◆ Required work ◆
Leaving out the images, reproduce every line of the data that follows exactly.

◆ Dataset section ◆
▬▬▬
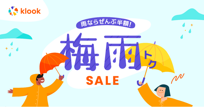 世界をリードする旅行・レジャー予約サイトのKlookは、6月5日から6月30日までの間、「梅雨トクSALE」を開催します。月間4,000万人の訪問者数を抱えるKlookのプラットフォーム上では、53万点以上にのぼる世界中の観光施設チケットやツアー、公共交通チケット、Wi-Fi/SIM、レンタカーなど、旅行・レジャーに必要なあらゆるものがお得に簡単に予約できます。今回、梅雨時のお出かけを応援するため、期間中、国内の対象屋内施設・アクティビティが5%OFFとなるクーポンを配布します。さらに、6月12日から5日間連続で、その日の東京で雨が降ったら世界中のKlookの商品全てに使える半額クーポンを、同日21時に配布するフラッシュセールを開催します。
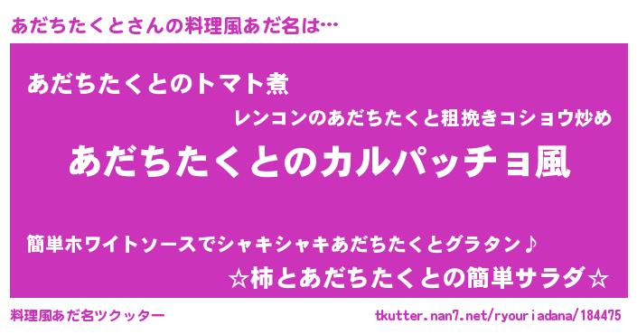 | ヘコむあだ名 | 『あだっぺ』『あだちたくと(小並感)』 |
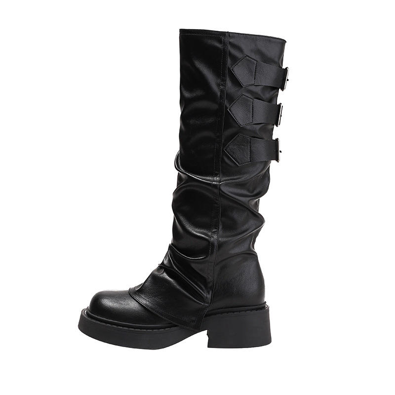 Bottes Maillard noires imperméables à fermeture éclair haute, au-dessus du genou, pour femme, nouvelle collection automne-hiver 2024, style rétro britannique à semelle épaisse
▬▬▬
◆ Task response ◆
 世界をリードする旅行・レジャー予約サイトのKlookは、6月5日から6月30日までの間、「梅雨トクSALE」を開催します。月間4,000万人の訪問者数を抱えるKlookのプラットフォーム上では、53万点以上にのぼる世界中の観光施設チケットやツアー、公共交通チケット、Wi-Fi/SIM、レンタカーなど、旅行・レジャーに必要なあらゆるものがお得に簡単に予約できます。今回、梅雨時のお出かけを応援するため、期間中、国内の対象屋内施設・アクティビティが5%OFFとなるクーポンを配布します。さらに、6月12日から5日間連続で、その日の東京で雨が降ったら世界中のKlookの商品全てに使える半額クーポンを、同日21時に配布するフラッシュセールを開催します。
 | ヘコむあだ名 | 『あだっぺ』『あだちたくと(小並感)』 |
 Bottes Maillard noires imperméables à fermeture éclair haute, au-dessus du genou, pour femme, nouvelle collection automne-hiver 2024, style rétro britannique à semelle épaisse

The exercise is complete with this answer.